▸ Exercise goal: Verbatim copy, images omitted: return the full listing.

▸ Collected material:

★ ★ ★ ★

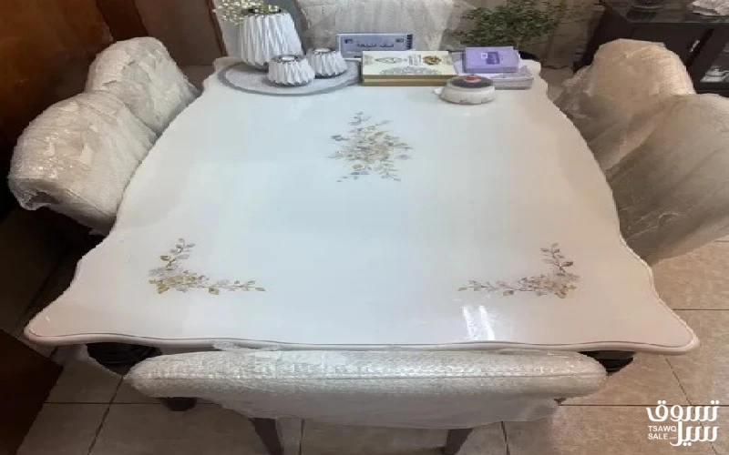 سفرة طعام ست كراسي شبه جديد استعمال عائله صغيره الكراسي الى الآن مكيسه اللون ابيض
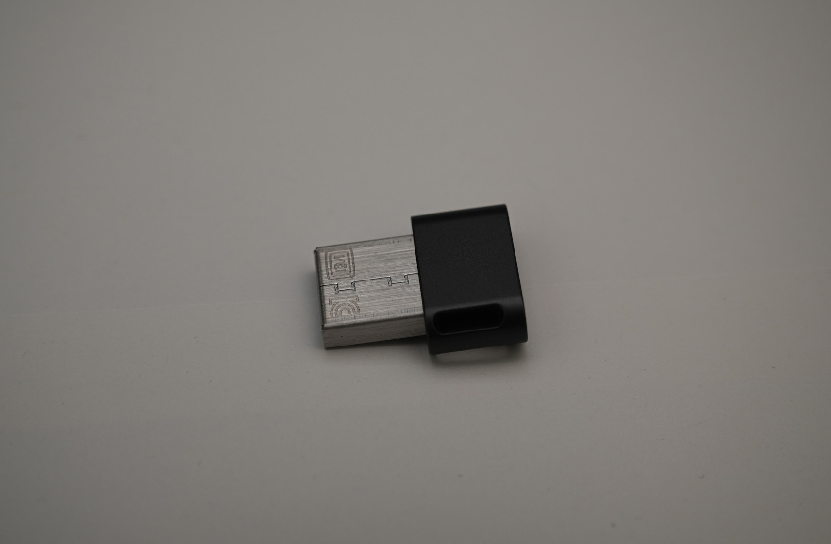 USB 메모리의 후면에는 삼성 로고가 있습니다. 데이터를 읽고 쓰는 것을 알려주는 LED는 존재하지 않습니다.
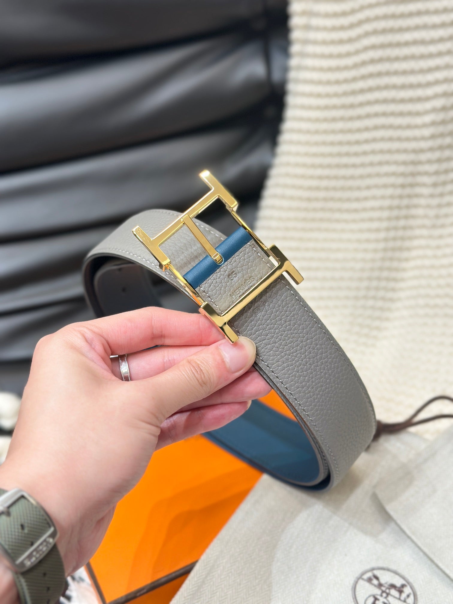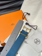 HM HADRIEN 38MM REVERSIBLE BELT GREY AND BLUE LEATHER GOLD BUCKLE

★ ★ ★ ★

▸ Output for this exercise:
 سفرة طعام ست كراسي شبه جديد استعمال عائله صغيره الكراسي الى الآن مكيسه اللون ابيض
 USB 메모리의 후면에는 삼성 로고가 있습니다. 데이터를 읽고 쓰는 것을 알려주는 LED는 존재하지 않습니다.
 HM HADRIEN 38MM REVERSIBLE BELT GREY AND BLUE LEATHER GOLD BUCKLE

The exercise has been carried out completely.